» Aim of the exercise:
From the entries below, reproduce exactly the lines from the one with "2. Verhit de" through the one with "Thane Köşeli Kadran", both included, without images.

» Supplied material:
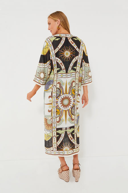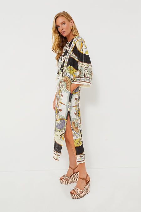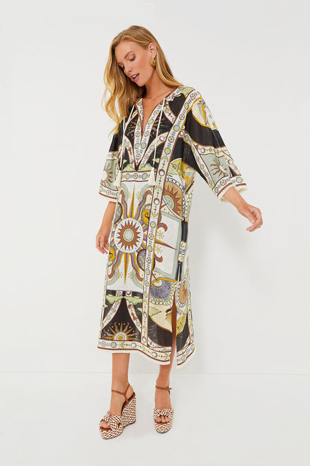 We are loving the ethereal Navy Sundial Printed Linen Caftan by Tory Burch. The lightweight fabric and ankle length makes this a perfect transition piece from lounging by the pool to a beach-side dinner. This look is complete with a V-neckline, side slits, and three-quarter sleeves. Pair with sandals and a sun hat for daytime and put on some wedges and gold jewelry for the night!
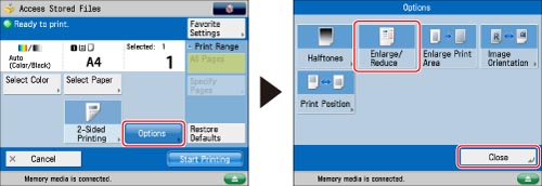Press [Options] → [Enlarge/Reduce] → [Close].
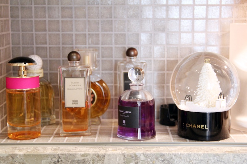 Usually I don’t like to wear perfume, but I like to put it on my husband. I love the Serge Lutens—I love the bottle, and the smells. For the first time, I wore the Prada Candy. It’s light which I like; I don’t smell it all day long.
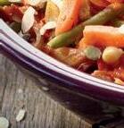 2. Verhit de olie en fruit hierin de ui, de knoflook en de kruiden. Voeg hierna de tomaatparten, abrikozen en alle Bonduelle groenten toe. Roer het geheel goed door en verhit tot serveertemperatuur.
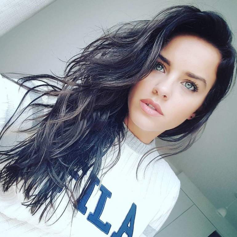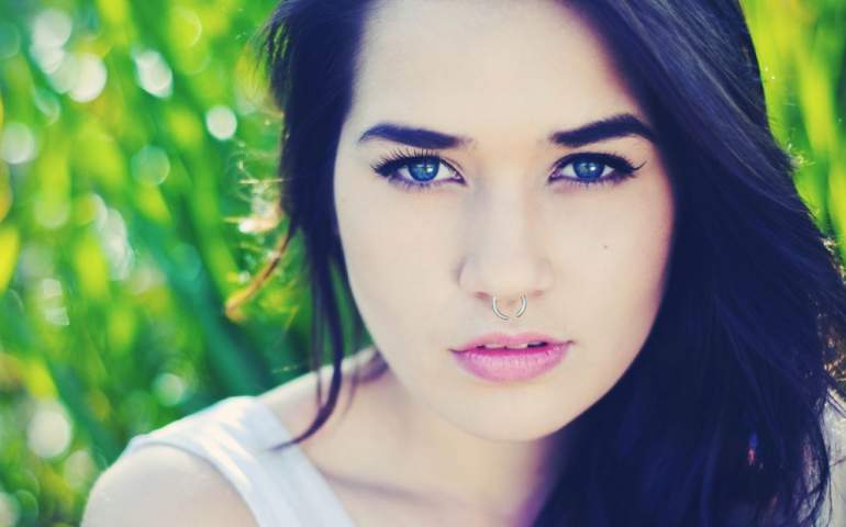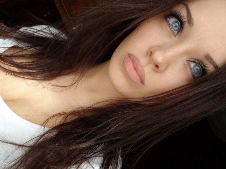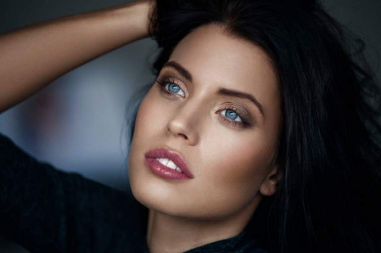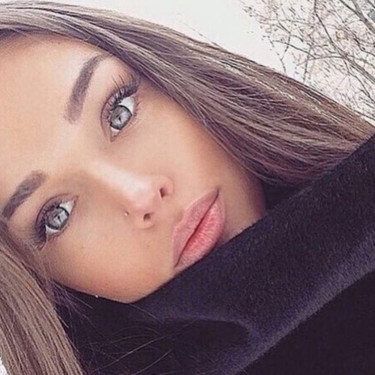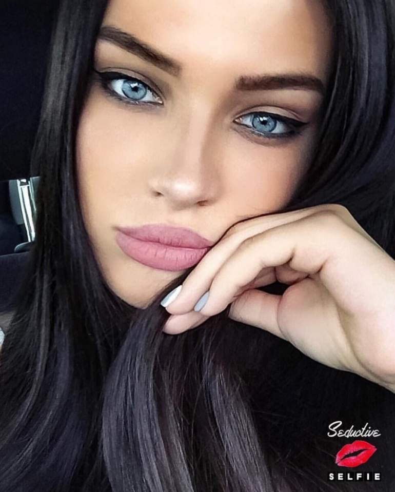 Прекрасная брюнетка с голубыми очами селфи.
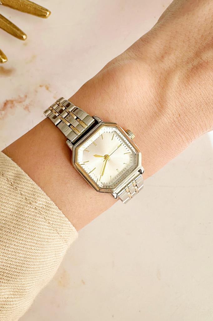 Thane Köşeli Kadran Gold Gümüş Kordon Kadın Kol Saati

...

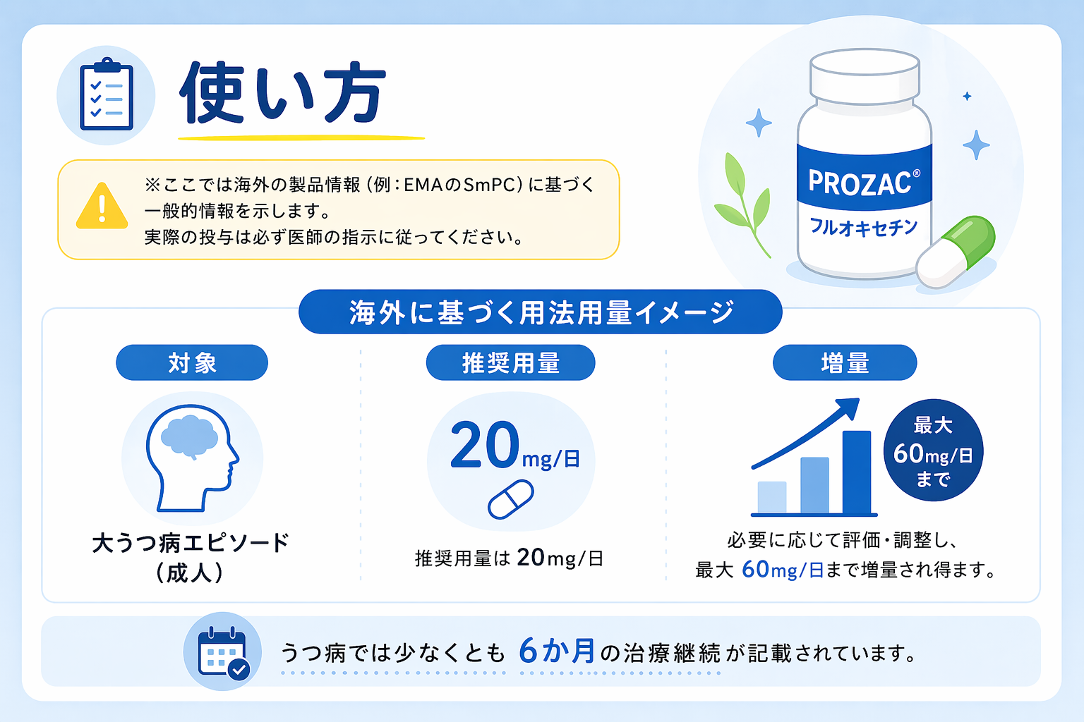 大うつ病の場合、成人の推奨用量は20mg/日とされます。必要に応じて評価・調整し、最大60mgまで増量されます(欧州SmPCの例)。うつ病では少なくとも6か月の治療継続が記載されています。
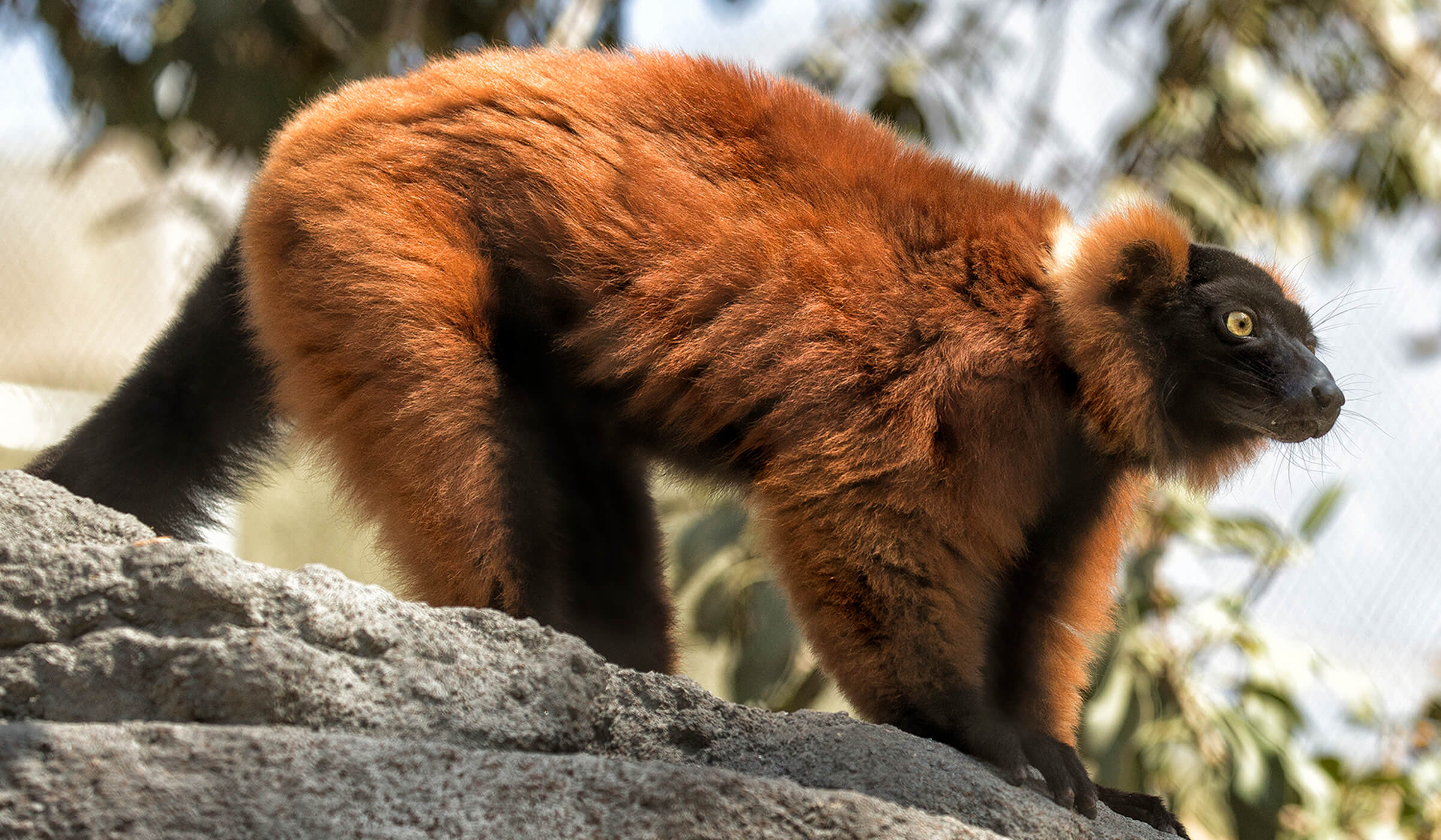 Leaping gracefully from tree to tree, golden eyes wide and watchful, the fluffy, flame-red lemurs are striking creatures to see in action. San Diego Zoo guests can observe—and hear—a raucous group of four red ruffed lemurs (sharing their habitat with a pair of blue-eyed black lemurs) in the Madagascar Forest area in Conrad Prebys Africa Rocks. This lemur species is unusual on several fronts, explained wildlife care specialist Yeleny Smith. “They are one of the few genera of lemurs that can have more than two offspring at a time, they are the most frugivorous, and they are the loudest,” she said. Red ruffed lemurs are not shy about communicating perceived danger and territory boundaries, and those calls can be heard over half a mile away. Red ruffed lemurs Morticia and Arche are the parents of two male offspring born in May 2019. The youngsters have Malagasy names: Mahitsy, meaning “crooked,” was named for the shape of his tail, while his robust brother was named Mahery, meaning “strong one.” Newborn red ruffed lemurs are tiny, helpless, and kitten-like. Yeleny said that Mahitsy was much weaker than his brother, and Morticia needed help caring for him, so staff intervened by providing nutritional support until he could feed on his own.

» Task answer:
 2. Verhit de olie en fruit hierin de ui, de knoflook en de kruiden. Voeg hierna de tomaatparten, abrikozen en alle Bonduelle groenten toe. Roer het geheel goed door en verhit tot serveertemperatuur.
 Прекрасная брюнетка с голубыми очами селфи.
 Thane Köşeli Kadran Gold Gümüş Kordon Kadın Kol Saati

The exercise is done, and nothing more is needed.